Stored data
+++
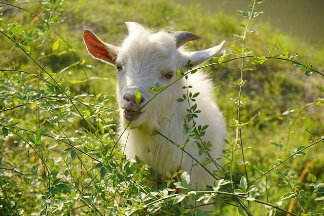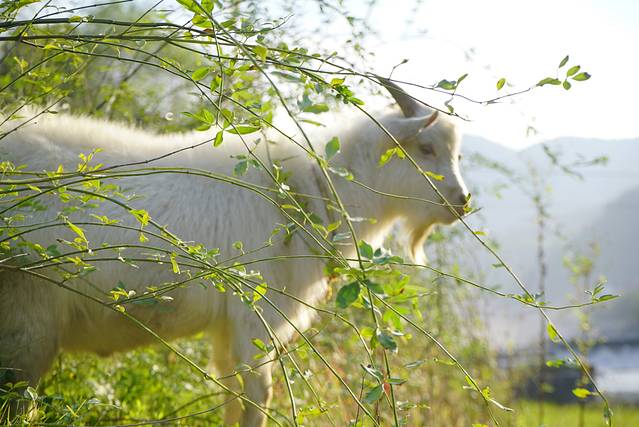桥下面的江边,我们发现了一只长着角的羊在吃草,非常的可爱。
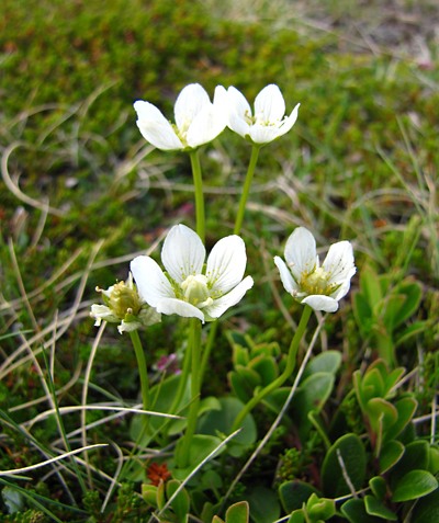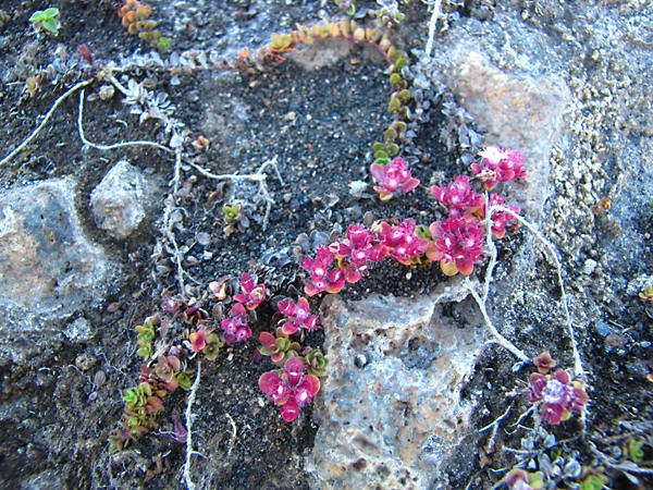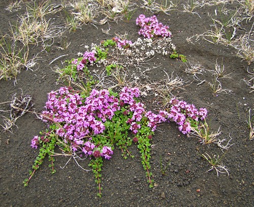 В траве растут исландские цветы - обычно они яркие, но очень маленькие.
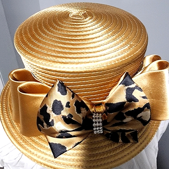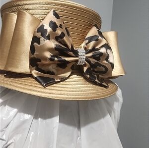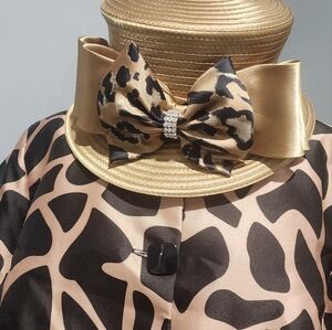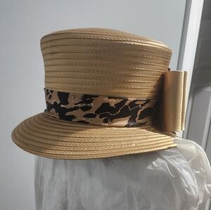 This hat is paired with the EY Boutique 2 piece suit. Sold Separately. It is gold looking with the band and bow matching the 2 piece suit.
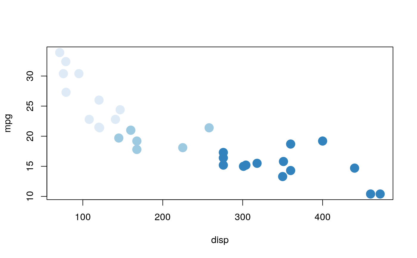 with(mtcars, plot(disp, mpg, pch = 20, cex = 3, col = dscale(factor(cyl), brewer_pal())))
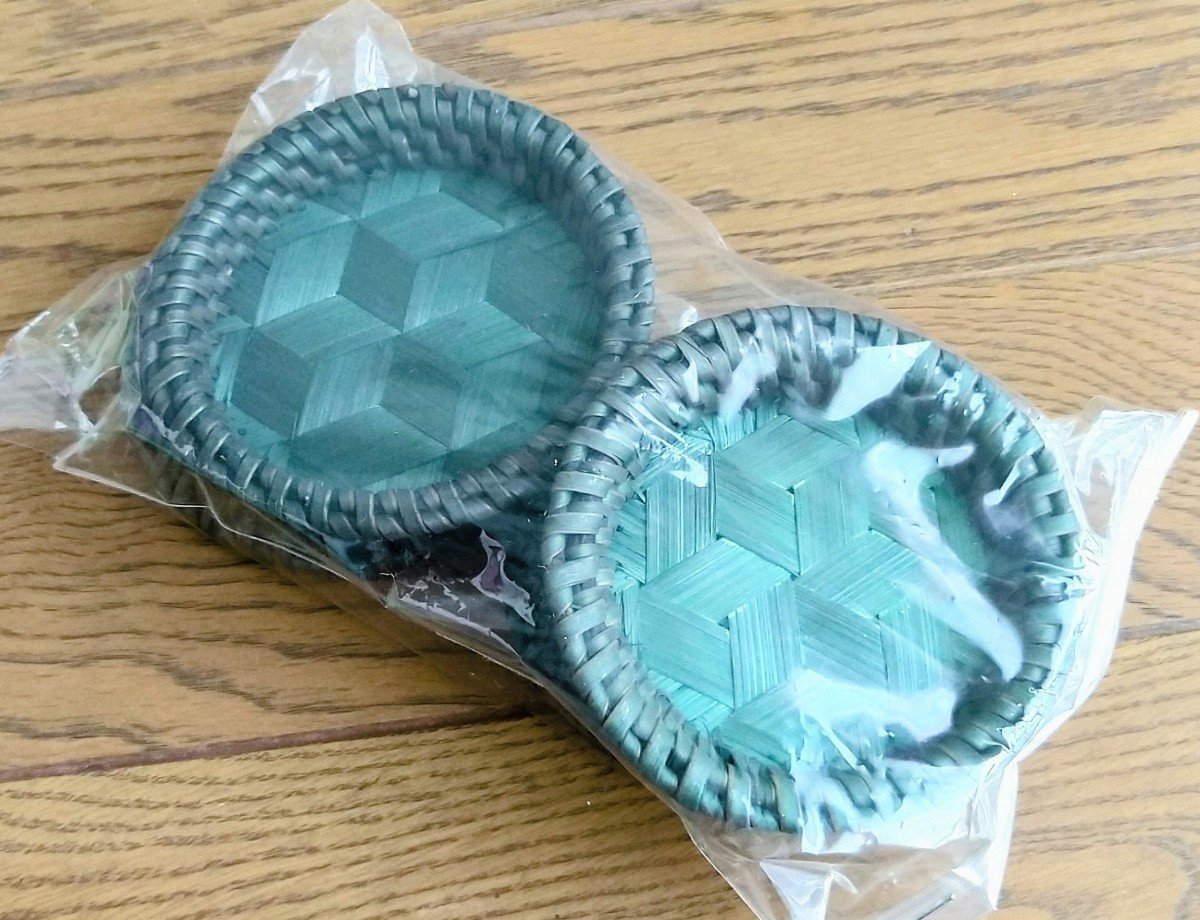 - バリ島/コースター☆フチ付きコースター☆バリ職人手作り☆4枚セット☆グリーン♪
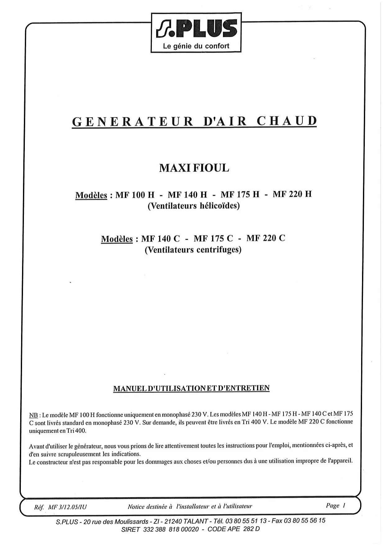 MF 100 H - Chauffage S.PLUS - Notice d'utilisation et mode d'emploi gratuit
+++
(WHAT TO WORK ON): Pictures stay out. Copy exactly, and only, the lines from the one containing "This hat is" through the end of the data.

(SOLUTION BELOW):
 This hat is paired with the EY Boutique 2 piece suit. Sold Separately. It is gold looking with the band and bow matching the 2 piece suit.
 with(mtcars, plot(disp, mpg, pch = 20, cex = 3, col = dscale(factor(cyl), brewer_pal())))
 - バリ島/コースター☆フチ付きコースター☆バリ職人手作り☆4枚セット☆グリーン♪
 MF 100 H - Chauffage S.PLUS - Notice d'utilisation et mode d'emploi gratuit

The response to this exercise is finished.